How will you or do you plan on securing your abode from bad people ? Remember this, bullets travel through walls with ease. I built a log home for a good friend about 16 years ago. He was of the opinion that the logs (8") thick would stop bullets. I assured him they would not. Since most of the new log homes are made out of pine, they have no stoping power whatsoever. After I finally convinced him to obtain a scrap of the logs his house was built from for a test, he was amazed at the varity of bullets and calibers passed right through them. He now prepares a little differently then before. 

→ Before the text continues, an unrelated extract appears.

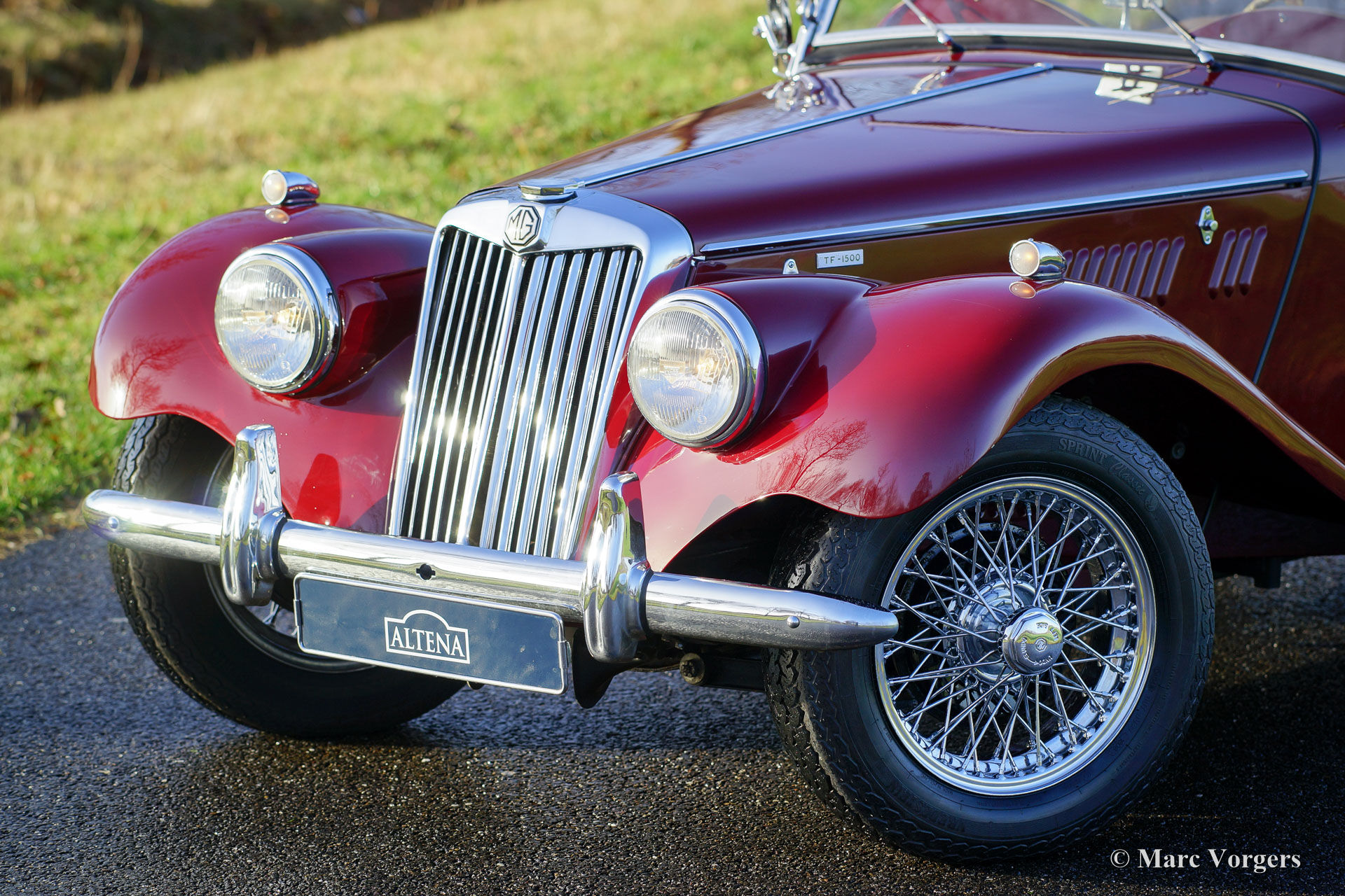 MG TF 1500, année 1955. Couleur rouge foncé avec un intérieur en cuir beige et tapis noir. Ce merveilleux et rare MG TF 1500 a été importé aux Pays-Bas en l'an 1999. Dans les années 2000 et 2001, l'automobile a été restaurée détaillée aux spécifications d'origine de l'usine. Un reportage photo de la restauration est présent. Depuis l'année 2001, la voiture n'a connu qu'un seul propriétaire ; Ce MG TF est en superbe condition TOP ! La voiture comporte des roues de fil de chrome, une ‘tonneau-cover’ et une batterie de Optima libre d'entretien. Le manuel d'instruction original est toujours avec la voiture ! Le MG TF offre une excellente expérience de conduire haut de gamme dans un style britannique impeccable classique. Un spécimen de qualité haut !

This is an area that most people tend to overlook . So, lets all put our thinking caps on and see what we come up with.


----------



## Medelwr (Jun 10, 2012)

I would love to bug in since it would generally be a lot more comfortable to do so but anyone who lives in large city centers are going to have a really hard time doing this. Right now, if the BIG ONE hits this area as we are being warned it might, we will have 3 million individuals who are going to be gunning for the same essentials, so we are probably going to have most of those people either dying fast (or picking off of the less fortunate) or abandoning the city and trying to eke out an existence either north in the mountains or east towards the farm lands and more mountains. They wont be able to go south because we'll be running up against the US border and I think that might be a bad idea. I would just like a week notice like the hurricane but that is a no-can-do for earthquakes.


----------



## AquaHull (Jun 10, 2012)

I'm sure my aluminum sided home with 3" exterior walls wouldn't stop my pellet gun


----------



## Medelwr (Jun 10, 2012)

No but it would be one hell of a Faraday cage.


----------



## AquaHull (Jun 10, 2012)

My cell doesn't work unless I have it near a window


----------



## Lucky Jim (Sep 2, 2012)

Nice little fortress for any survival group out away from the nasty city-


----------



## nadja (May 1, 2012)

This is the reason England lost the war. You guys always seem to think a bunch of wood sticks will protect you ! I match and 5 gal of gas and Burn baby Burn !


----------



## WoadWarrior (Oct 10, 2012)

nadja said:


> That would make your present abode most likely safe from eviction or foreclosure right


Nadja... I only partially agree with this. In the beginning yes... but what happens after things start to settle down and a new gov't reforms and they decide to start rebuilding? They will have limited control and will therefore want to consolidate the masses (i.e., their new labor force) and could start relocating people to established cities or farming or manufacturing hubs. If that happens, you'd have to bug out, at least temporarily, and return once the gov't was done rounding up your neighbors. The down side is that you can't bug out with all of your animals and they, and any supplies you leave behind, will most likely be gone when you return. So... I'd suggest those bugging in need to consider working a solution to avoid relocation and a means of securing or hiding whatever they can in the event a situation like this becomes reality.


----------



## Denton (Sep 18, 2012)

It's really easy to toss around specific scenarios and tell a certain group of people are ill-prepared. I don't really see the point, though.

I'm pretty sure each and every one of us would love to be sitting on 500 acres of land shared by ten other families who are like-minded, well armed and prepared, all with awesome gardening skills and all holding animal husbandry degrees from Auburn. Fact is, people are where they are and, if they are here at this site, are preparing as best as they can while maintaining a mentally healthy day-to-day life.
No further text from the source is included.